The period also brought significant regulatory and pipeline news. ZORYVE foam 0.3% secured FDA approval for scalp and body psoriasis in May 2025, with launch in June, extending the reach of the franchise. The company now awaits a decision in October 2025 for low-concentration ZORYVE cream (0.05%) in children aged 2-5 for atopic dermatitis. Development of ARQ-234, a biologic treatment for atopic dermatitis, moved forward as the investigational new drug application was submitted in July. Meanwhile, the ARQ-255 program for alopecia areata was halted after failing to meet advancement criteria in Phase 1b.
On the intellectual property front, three new patents covering topical roflumilast were granted, strengthening the company’s protection for its lead asset. Market recognition also increased as ZORYVE products became the first prescription therapies to receive the Seal of Recognition from the National Psoriasis Foundation.
Pipelines, Partnerships, and Future Drivers
Leadership continues to pursue broader approvals to reach new patient populations, notably with ZORYVE cream in children as young as two years old, pending regulatory review. The foam formulation’s approval for scalp and body psoriasis expands its clinical utility, addressing areas with high unmet need. Notable efforts are also being placed in clinical trials for ZORYVE in pediatric settings, with a Phase 2 trial initiated for infants as young as three months.
Externally, strategic partnerships remain central to Arcutis’s growth plan. The co-promotion agreement with Kowa Pharmaceuticals supports efforts to grow ZORYVE use in primary care and pediatrics—settings where non-steroidal products have had minimal historical promotion. Global partnerships, like those with Sato in Japan and Huadong in China, extend the ZORYVE franchise internationally, though these contributed minimally in this period. Insurance access continues to climb, with expanded Medicaid coverage and an estimated 80% of all ZORYVE prescriptions now reimbursed as of Q1 2025.
Management acknowledged risk factors including continued losses, a concentrated product portfolio after the discontinuation of ARQ-255, and the nascent state of primary care and pediatric penetration. Financial discipline is a focus: operating cash flow turned marginally positive at $0.3 million. The company ended the period with $191.1 million in cash, cash equivalents, restricted cash, and marketable securities, and long-term debt at $107.05 million, supporting ongoing investments in R&D and commercialization.

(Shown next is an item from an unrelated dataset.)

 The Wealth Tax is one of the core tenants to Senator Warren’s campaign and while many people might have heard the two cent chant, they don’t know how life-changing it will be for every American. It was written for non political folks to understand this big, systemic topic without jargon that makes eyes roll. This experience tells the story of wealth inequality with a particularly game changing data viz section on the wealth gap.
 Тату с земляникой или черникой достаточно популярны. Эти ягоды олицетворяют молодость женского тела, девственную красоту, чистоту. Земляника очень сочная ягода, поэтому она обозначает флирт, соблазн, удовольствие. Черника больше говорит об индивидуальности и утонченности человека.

There was no dividend declared or adjusted during the quarter. ARQT does not currently pay a dividend. No material one-time events, other than a $10 million milestone payment to AstraZeneca for cumulative ZORYVE sales, affected core operating results.
Looking Ahead: Guidance and Priorities
Confirmed pipeline catalysts include the late-2025 FDA approval decision (PDUFA action date of October 13, 2025) for ZORYVE cream 0.05% in children ages 2 to 5 years old and advancement of ARQ-234 into human trials. SG&A expense levels are expected to stabilize through 2026, with management maintaining confidence in achieving cash breakeven in 2026 as product sales grow and expenses stabilize. No explicit revenue or EPS forecasts were provided for upcoming quarters.

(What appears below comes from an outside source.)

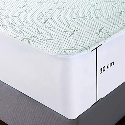 - BAMBOO MATTRESS PROTECTOR: The small double sized bamboo mattress protector measures 120 cm by 190 cm - fits up to 30 cm deep; fitted cover style design with elastic all around.
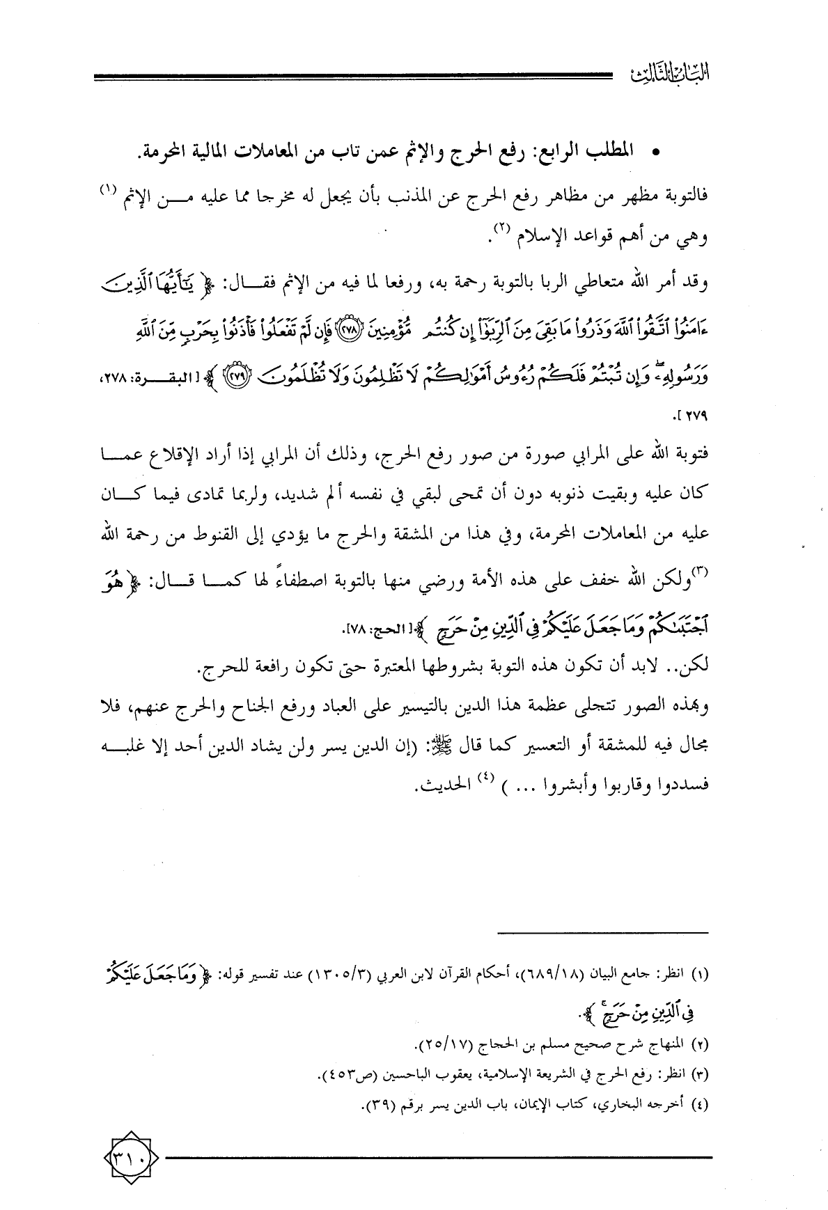 • المطلب الرابع: رفع الحرج والإثم عمن تاب من المعاملات المالية المحرمة.

Investors and observers should watch for uptake trends in newly launched products and indications, progress toward pediatric approvals, and the effectiveness of partnerships in expanding into primary care and pediatric practices. Execution in less familiar market channels—beyond dermatology specialists—represents the next test as ZORYVE’s position as a non-steroidal option continues to solidify. Monitoring cash use, operating leverage, and advancements in the pipeline is also critical as the company balances growth with the ongoing challenge of reaching sustainable profitability.
Revenue and net income presented using U.S. generally accepted accounting principles (GAAP) unless otherwise noted.